* [Supplied data]
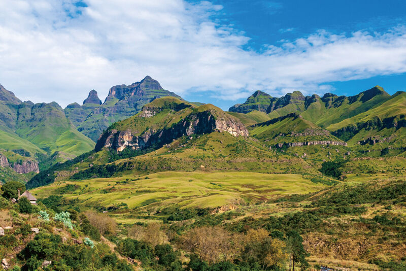 「龍の山々」を意味するドラケンスバーグ。特異な自然景観と多様な生態系、さらには岩絵なども残されていることから世界複合遺産に指定されています。
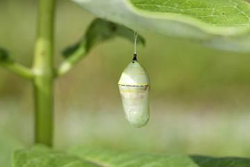 A monarch chrysalis hangs from the leaf of common milkweed, Asclepias syriaca. This is the stage in the life cycle where the caterpillar changes to a butterfly. According to an ARS and Iowa State University study of nine milkweed species native to Iowa, female monarch butterflies laid eggs in all nine milkweeds, but the swamp and common milkweed averaged the highest number of eggs. (Peggy Greb, D4226-1)
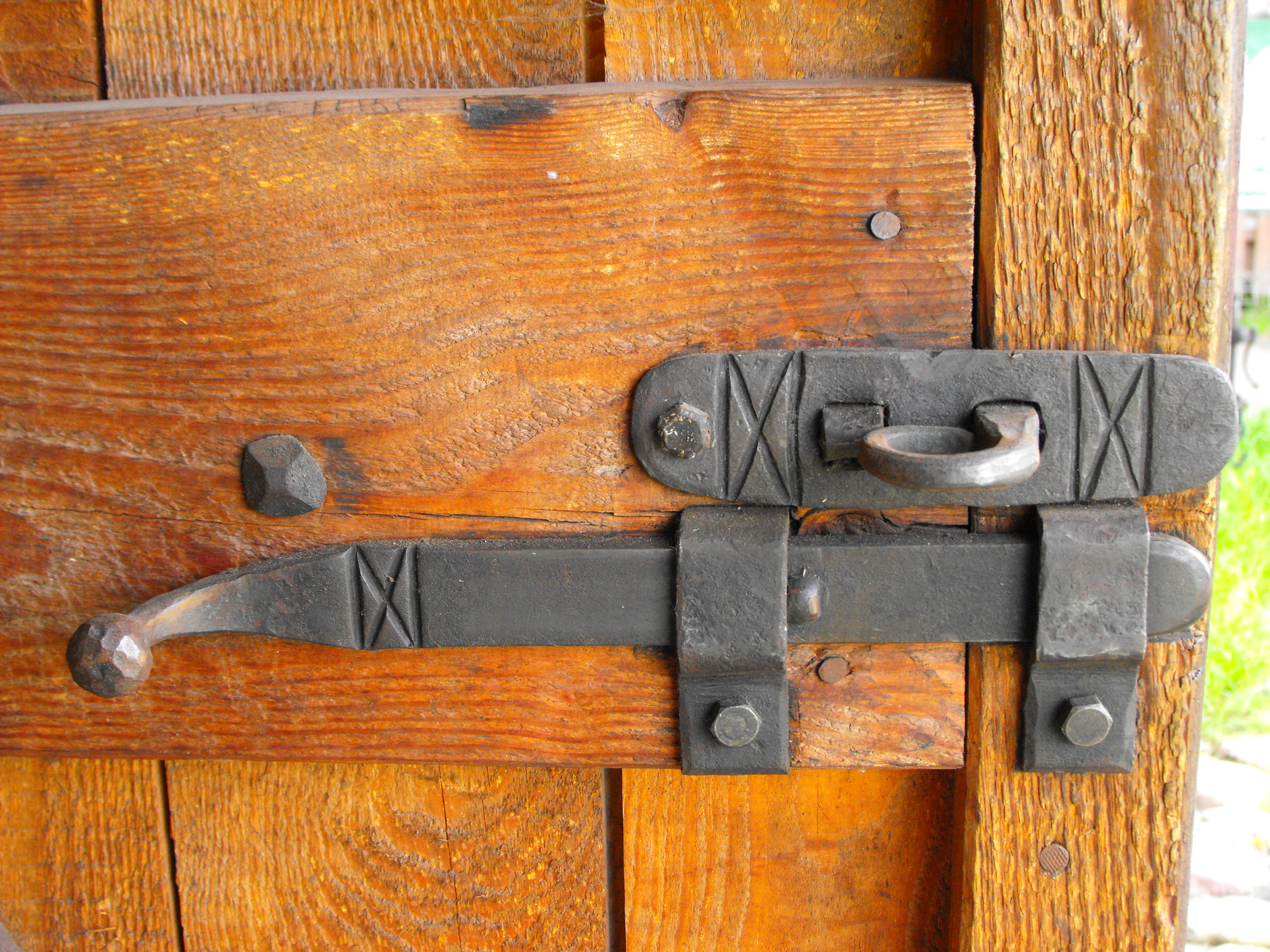 Drzwi do kuźni. Zdobiony żelazny rygiel, wykonany przez Zdzisława Gałeckiego.

* [Work to be completed] Retype the whole of the data verbatim. Skip every picture.

* [Response to the task]
 「龍の山々」を意味するドラケンスバーグ。特異な自然景観と多様な生態系、さらには岩絵なども残されていることから世界複合遺産に指定されています。
 A monarch chrysalis hangs from the leaf of common milkweed, Asclepias syriaca. This is the stage in the life cycle where the caterpillar changes to a butterfly. According to an ARS and Iowa State University study of nine milkweed species native to Iowa, female monarch butterflies laid eggs in all nine milkweeds, but the swamp and common milkweed averaged the highest number of eggs. (Peggy Greb, D4226-1)
 Drzwi do kuźni. Zdobiony żelazny rygiel, wykonany przez Zdzisława Gałeckiego.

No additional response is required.